Phadebas ® Test: simile al precedente, tale test utilizza come reagente amido legato a molecole di colorante
blu, che risulta insolubile in acqua. Ponendo in soluzione in una provetta il reagente e il campione, se è presente
saliva, dopo una fase di incubazione di 30 minuti, l’enzima α-amilasi scinde il legame tra i monomeri di amido e
il colorante blu, portandolo in soluzione dopo centrifugazione, restituendo un colore blu intenso, a conferma
della positività del test 5 . Trattandosi di una rilevazione operatore dipendente, risulta importante effettuare un
controllo negativo e un controllo positivo per la comparazione e quindi per la lettura del campione.
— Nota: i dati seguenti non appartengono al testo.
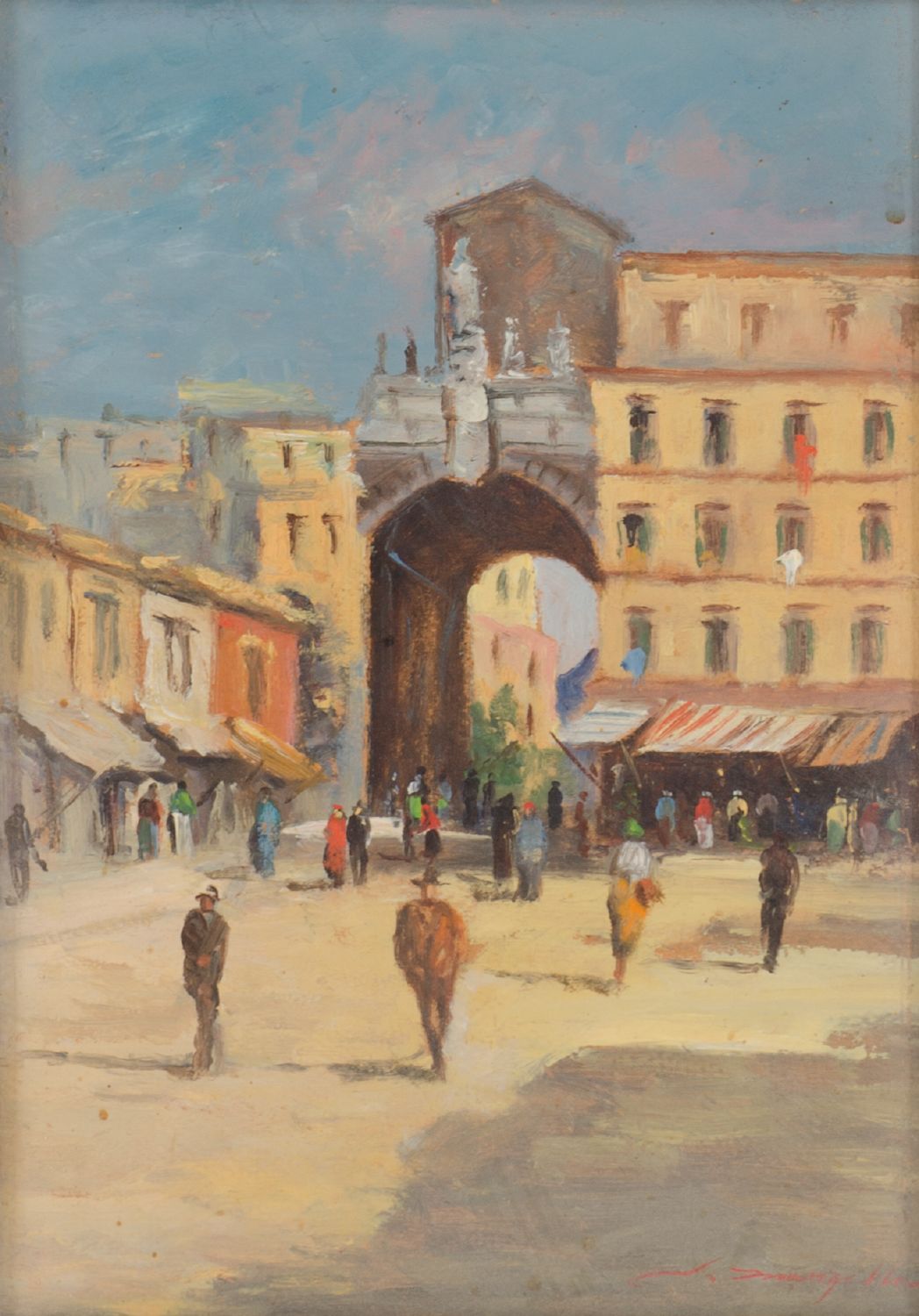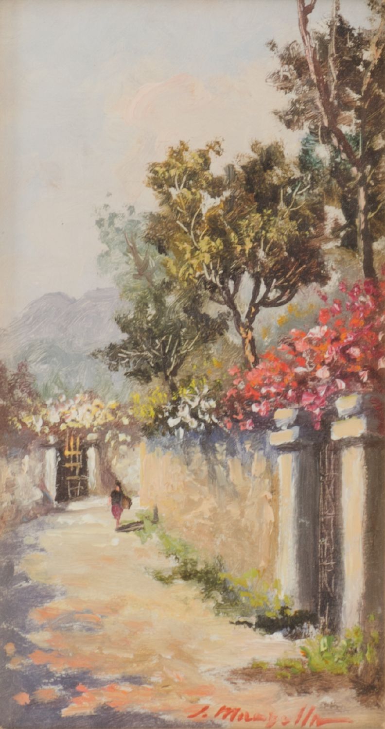 SALVATORE MANZELLA LOTTO composto da OLIO su tavoletta "viale alberato" e da OLIO su cartoncino "piazza cittadina" datato 1962. XX secolo Misure: cm 26 x 14 - 33 x 24

Amylose Azure: test che sfrutta lo stesso principio del Phadebas ® Test, ma maggiormente sensibile e più
veloce, in quanto necessita di un tempo di incubazione minore.
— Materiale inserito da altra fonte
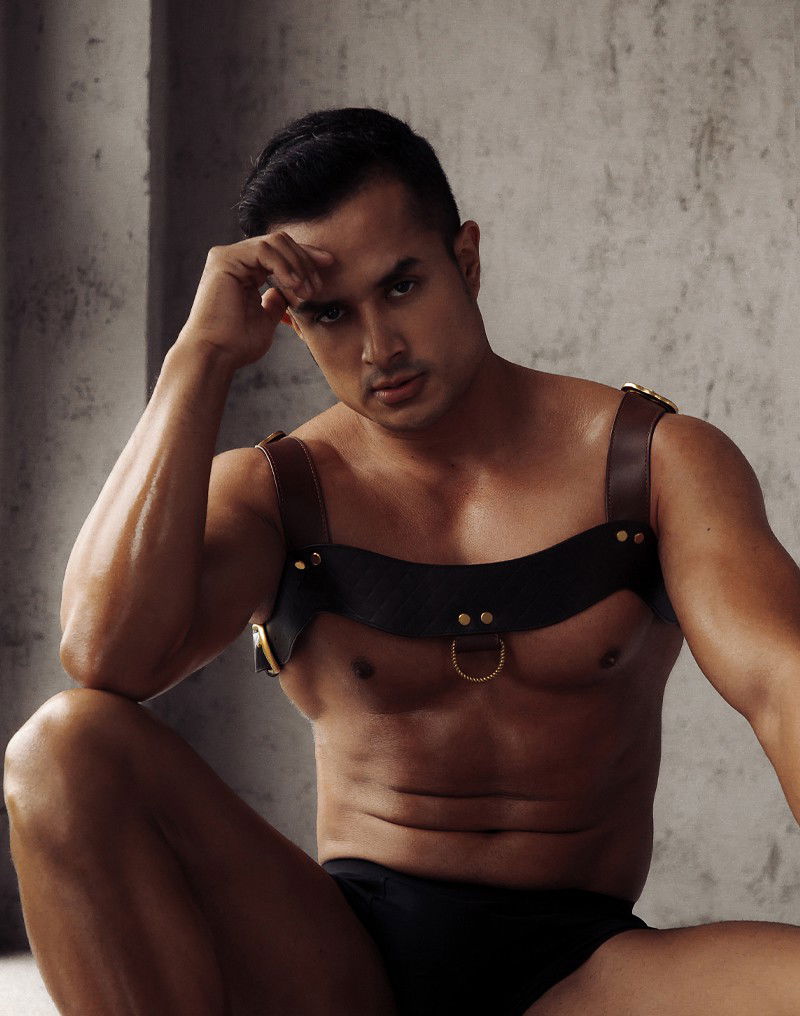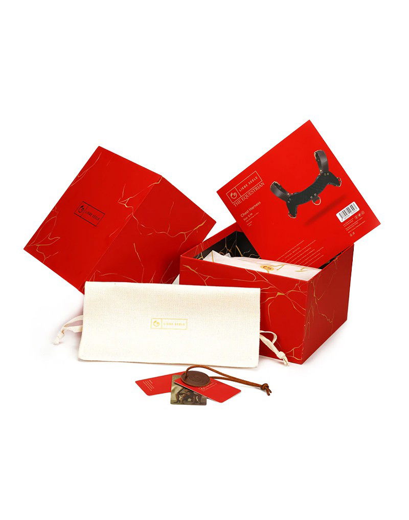 Luxe leren borstharnas van echt rundleer met lamsleer voering. Verstelbaar 87-112cm. Verkrijgbaar in zwart, bruin en goud accenten.

Rapignost ® -Amilasi: kit commerciale sotto forma di strisce di carta per rivelare la presenza di amilasi nelle
urine a scopo clinico, impiegato ultimamente anche per la diagnosi generica di saliva. Metodo semplice e
rapido, ma non specifico per l’amilasi salivare; utile come test rapido di screening.

SALIgAE ® Test: è il test colorimetrico più recente, il cui meccanismo di reazione è proprietà della casa
produttrice Abacus Diagnostics. Aggiungendo il reattivo al campione in soluzione, la positività del test si osserva
con un viraggio colorimetrico da incolore a giallo. Alcuni studi hanno evidenziato una sensibilità minore rispetto
alla Starch Iodine e al Phadebas ® Test
Test immunocromatografici

RSID™ Saliva: test immunocromatografico in cui gli anticorpi immobilizzati sulla strip sono anticorpi
monoclonali contro l’antigene umano salivare “amyA”. E' un test sensibile, specifico, rapido e di facile utilizzo,
ma non può essere considerato confermativo poiché mostra una cross reattività con il latte materno

Spettroscopia

Lo spettro di assorbimento di campioni di saliva è caratterizzato da un picco di assorbimento a circa 280 nm e


da un picco di emissione a circa 350 nm di cui è responsabile il triptofano
URINA

RSID Urina: test diretto contro la proteina di Tamm- Horsfall

FLUIDO VAGINALE

Le cellule dell’epitelio vaginale reagiscono con il reattivo di Schiff (colorante organico). Test individuo
dipendente.

SUDORE

Test presuntivo è l’analisi degli ioni inorganici attraverso SEM – EDX


Nuove frontiere

• mRNA: Uno dei filoni di ricerca più promettenti è l'analisi dell'RNA messaggero. Il principio è che alcuni mRNA
vengono espressi in maniera differenziale nei diversi fluidi biologici, risultandone specifici. Individuando geni
target specifici per l'mRNA, è possibile discriminare tra i diversi fluidi biologici. Anche i microRNA sono oggi
fonte di grande variabilità intertissutale ed offrono l’opportunità di diagnosi differenziale. E’ in preparazione un
articolo dedicato proprio a questo aspetto.